Exercise requirements →
In the entries that follow, the lines from the line containing "張宇 通訊員 蘭佳琪 攝" up to and including the line containing "Nachdem die benötigten" must be copied exactly, with pictures omitted.

Data provided →
▬▬▬▬▬▬

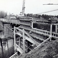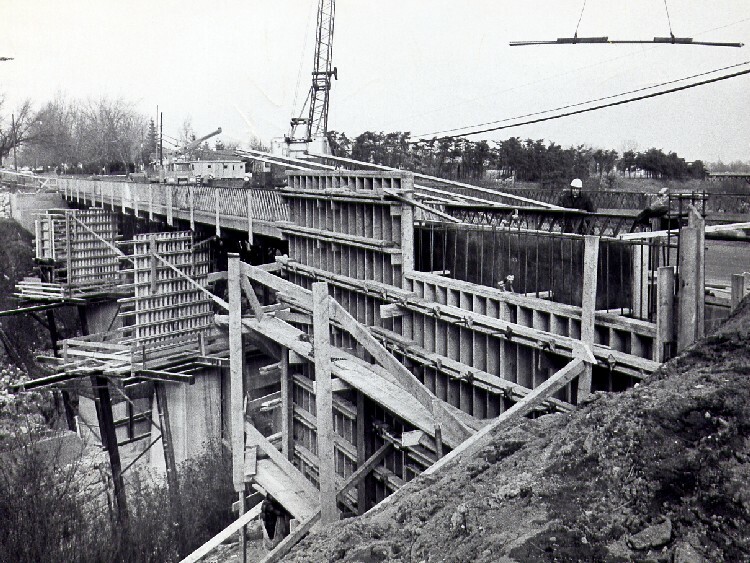 Construction crew working on the widening of Drummond Rd Bridge 1972
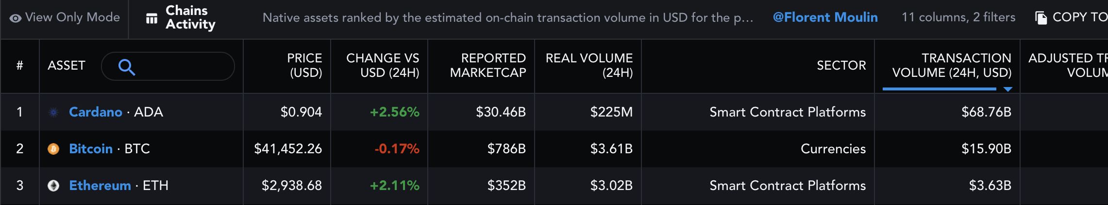 Kripto para veri izleme platformu olan Messari.io, Cardano blockchaininden pozitif veriler geldiğini bildirdi. Veri izleme platformu, ADA’nın ayarlanmış işlem hacmi açısından Bitcoin ve Ethereum’u başarıyla geçtiğini duyurdu. Gelen on-chain verilere göre, ADA 68 milyar dolar kazanırken, Bitcoin ve Ethereum’un toplam hacmi yalnızca 8 milyar dolarda kaldı.
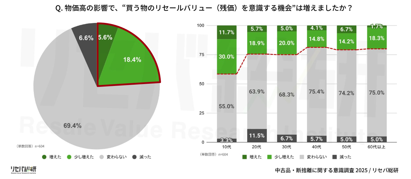 今年は日本漢字能力検定協会が発表する「今年の漢字」の3位に「高」がランクインするなど、物価高騰による生活用品の値上がりが深刻となりましたが、消費者は新品よりもコスパよく商品が手に入れられる中古品に対して、どのように向き合っているのでしょうか?また一方で、節目となる時期に不要なものをまとめて処分する“断捨離”をして身の回りのモノや出費を整理することに対して、消費者はどのような意識を持っているのでしょうか。リセバ総研では、全国の男女604人を対象に「中古品・断捨離に関する意 識調査」を実施しました。
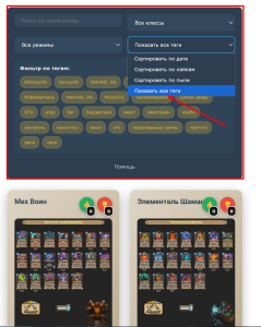 - Сортировка по тегам и игрокам (например, агро, контроль или Дикий Зверь)
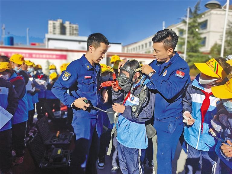 圖為拉薩市堆龍德慶區(qū)姜昆黃小勇希望小學少先隊開展“走進消防救援隊 零距離體驗消防”活動。記者 張宇 通訊員 蘭佳琪 攝
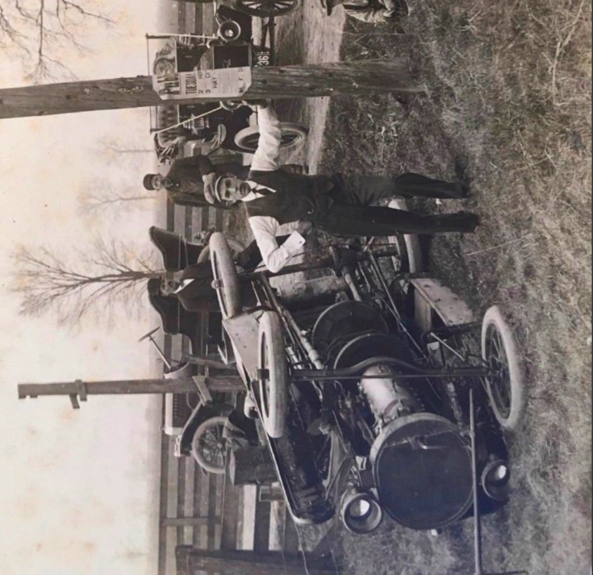 I agree with you Erik, I believe the car on its side is a 1907 Lambert. It looks to be friction drive and the radiator is round with the crank through the bottom. I also think the car in the background is a 1909 Lambert. The 1909 Lambert shown below has the same details including the bulge toward the rear of the hood.
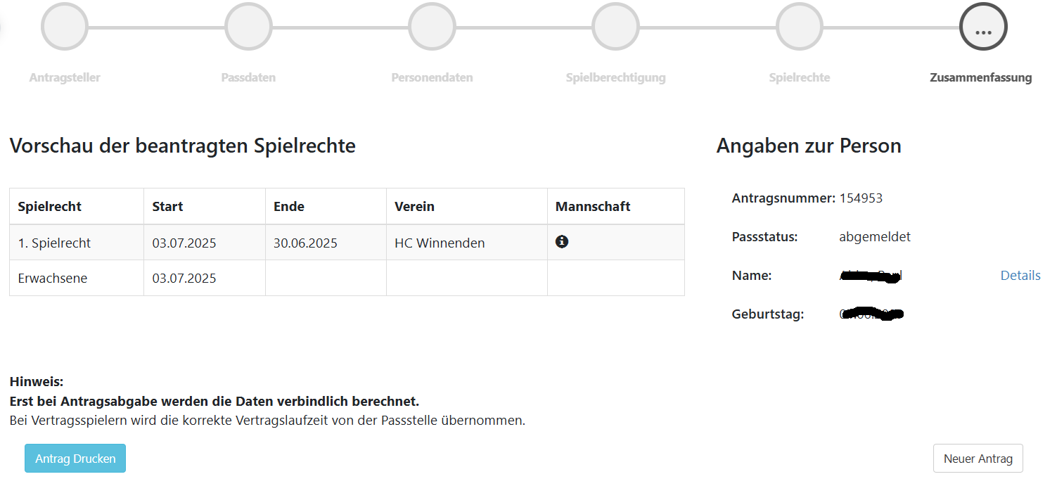 Nachdem die benötigten Spielrechte eingetragen wurden, sind alle benötigten Daten erfasst. Im nächsten Schritt der geführten Aktivität wird nochmals eine Zusammenfassung der Antragsdaten bereitgestellt und der Antrag kann über den Button “Antrag Drucken” erzeugt und z. B. als PDF Datei gespeichert werden.
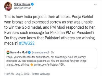 पीएम मोदी के पूजा की सराहना करने और ढाढ़स बंधाने के ट्वीट पर पाकिस्तान के पत्रकार शिराज हसन की भी प्रतिक्रिया आई है। उन्होंने ट्वीट कर लिखा, 'इस तरह भारत अपने एथलीटों को प्रोजेक्ट करता है। पूजा गहलोत ने कांस्य जीता और दुख व्यक्त किया क्योंकि वह स्वर्ण पदक जीतने में असमर्थ थीं, और पीएम मोदी ने उन्हें जवाब दिया। कभी पाकिस्तान के पीएम या राष्ट्रपति के लिए ऐसा संदेश देखा है? क्या उन्हें यह भी पता है कि पाकिस्तानी एथलीट पदक जीत रहे हैं?
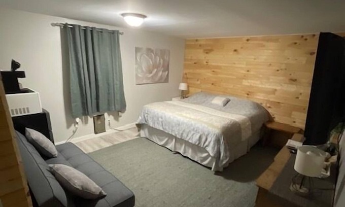 Fully furnished remodeled studio located in the heart of Sodus Point, NY. This cozy studio that offers a comfortable king sized bed, small futon, smart TV, Wi-Fi, and private parking is walking distance to the Sodus Point lighthouse, popular restaurants/bars, and many fishing charters! This studio is ADA compliant with a very large bathroom. Boat rentals are available only 500 feet away. We look forward to you staying with us!
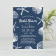 Navy Blue Starfish & Seashells Beach Bridal Shower Invitations.
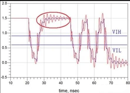 Signal reflections occur when impedance discontinuities along a transmission path cause portions of a signal to bounce back toward its source. These reflections interfere with the original signal, creating ringing (oscillations at signal transitions) and potentially causing false triggering of digital circuits . Key sources of impedance discontinuities include:
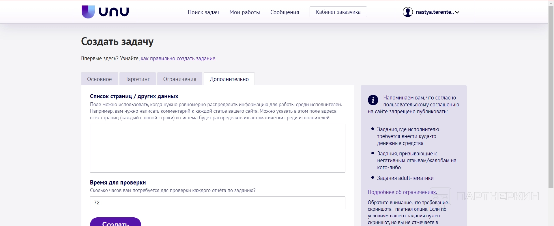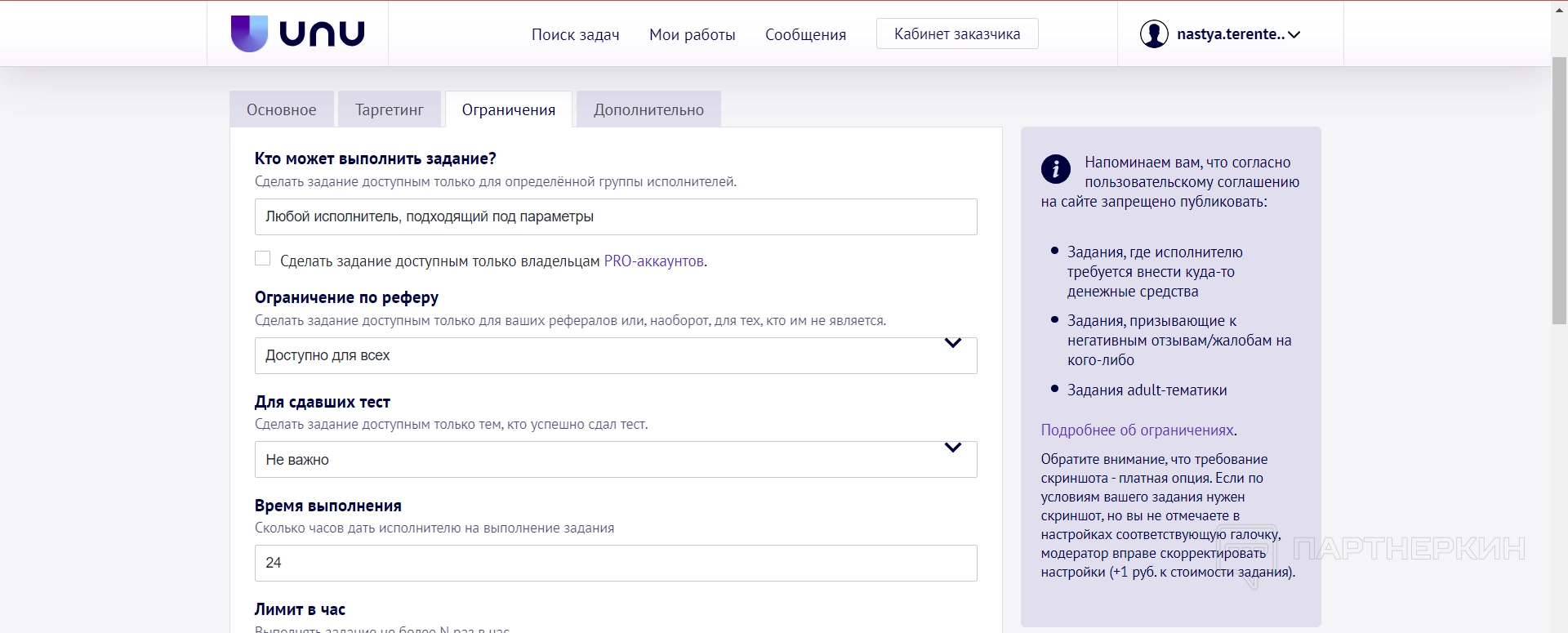 - ограничения — в этом разделе указываются все ограничения, чтобы задание не смогла увидеть неподходящая аудитория. Например, можно указать группу исполнителей, ограничение по реферу, возможность выполнения для тех, кто не сдал тест, время выполнения, разнообразные лимиты и так далее;

▬▬▬▬▬▬

Written response →
 圖為拉薩市堆龍德慶區(qū)姜昆黃小勇希望小學少先隊開展“走進消防救援隊 零距離體驗消防”活動。記者 張宇 通訊員 蘭佳琪 攝
 I agree with you Erik, I believe the car on its side is a 1907 Lambert. It looks to be friction drive and the radiator is round with the crank through the bottom. I also think the car in the background is a 1909 Lambert. The 1909 Lambert shown below has the same details including the bulge toward the rear of the hood.
 Nachdem die benötigten Spielrechte eingetragen wurden, sind alle benötigten Daten erfasst. Im nächsten Schritt der geführten Aktivität wird nochmals eine Zusammenfassung der Antragsdaten bereitgestellt und der Antrag kann über den Button “Antrag Drucken” erzeugt und z. B. als PDF Datei gespeichert werden.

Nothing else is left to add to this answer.